Personal information
- Full name: Federico Andrés Mancuello
- Date of birth: 26 March 1989 (age 37)
- Place of birth: Reconquista, Argentina
- Height: 1.75 m (5 ft 9 in)
- Position: Central midfielder

Team information
- Current team: Argentinos Juniors

Youth career
- 2004–2008: Independiente

Senior career*
- Years: Team / Apps / (Gls)
- 2008–2015: Independiente / 152 / (20)
- 2011–2012: → Belgrano (loan) / 21 / (1)
- 2016–2017: Flamengo / 29 / (5)
- 2018: Cruzeiro / 20 / (1)
- 2019–2021: Toluca / 27 / (2)
- 2020–2021: → Vélez Sarsfield (loan) / 25 / (2)
- 2022–2023: Puebla / 58 / (6)
- 2023–2026: Independiente / 59 / (3)
- 2026–: Argentinos Juniors / 0 / (0)

International career
- 2015: Argentina / 2 / (1)

= Federico Mancuello =

Argentine footballer (born 1989)

Federico Andrés Mancuello (born 26 March 1989) is an Argentine professional footballer who plays as central midfielder for Argentine Primera División club Argentinos Juniors.
Mancuello started his career at Independiente and had a brief loan at Belgrano during 2011–12 season. He moved to Flamengo at the beginning of the 2016 season. He also represented Argentina on two occasions scoring one goal.

==Club career==
===Early years===
Mancuello made his league debut for Independiente in a 1–2 home defeat by Arsenal de Sarandí on 14 December 2008. He scored his first goal for the club in a 5–1 away defeat to Lanús on 5 April 2009. He scored again on 11 April in a 2–1 win over Huracán.

===Loan to Belgrano===
After not being considered by Independiente's coach Antonio Mohamed in July 2011 Mancuello was loaned to Club Atlético Belgrano for one year. On 26 October he scored his first and only goal in a 1–0 victory against Tigre. In January 2012 Mancuello suffered an injury in a match of the Copa Argentina which kept him out of the fields for several weeks when he was being a key player of his team.

===Return to Independiente===
For the 2012 Torneo Clausura, Mancuello returned to Independiente.
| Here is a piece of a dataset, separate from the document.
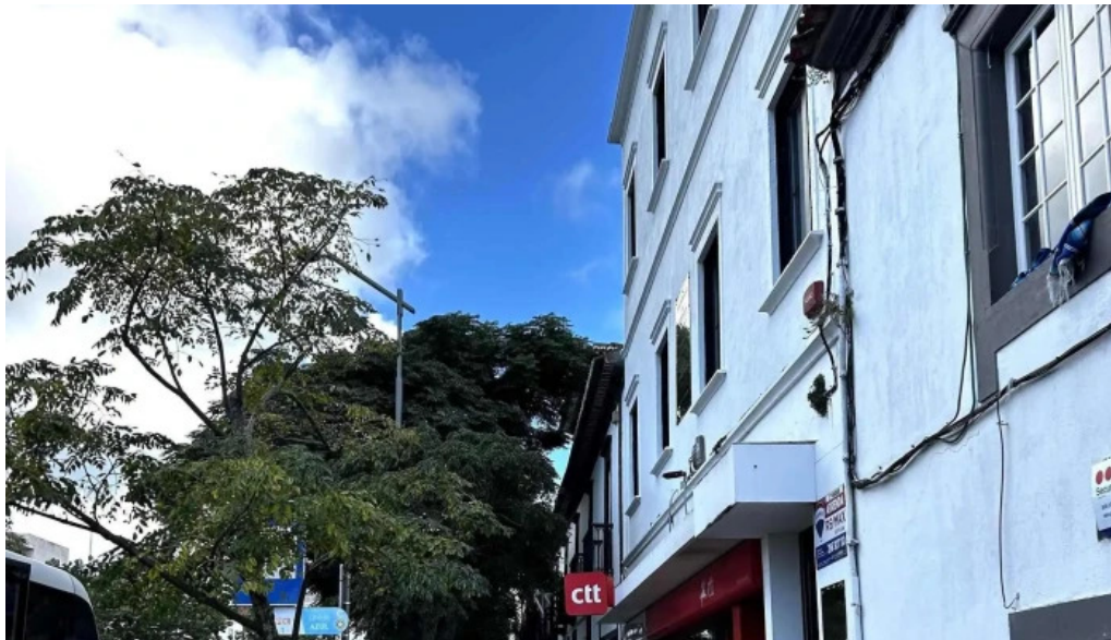
Posto de correios de ponta delgada correios

His only goal that season came in a 2–1 victory against Liverpool in Uruguay, where he scored the equaliser. However, the club was relegated for the first time in his first season back.

Independiente were soon promoted back to the Primera División after only one season in the Nacional B where they finished third and Mancuello scored two goals. On 31 August 2014, Independiente faced their rivals Racing Club, but Mancuello scored to help Independiente to a 2–1 victory, saying it was "the most important goal of my career". After scoring 10 goals in 19 games in the 2014 season, Argentina manager Gerardo Martino stated that he would keep Mancuello in mind for future call-ups.

===Flamengo===
====2016 season====
On January 6, 2016, Mancuello was signed by Brazilian club Flamengo for a fee of R$12 million. In the first half of the season Mancuello didn't perform as expected due to some injuries, playing all of his 12 matches as a starter and scoring 3 goals. As the 2016 Série A started he lost his status of starter, but established himself as of the most important substitutes of the team.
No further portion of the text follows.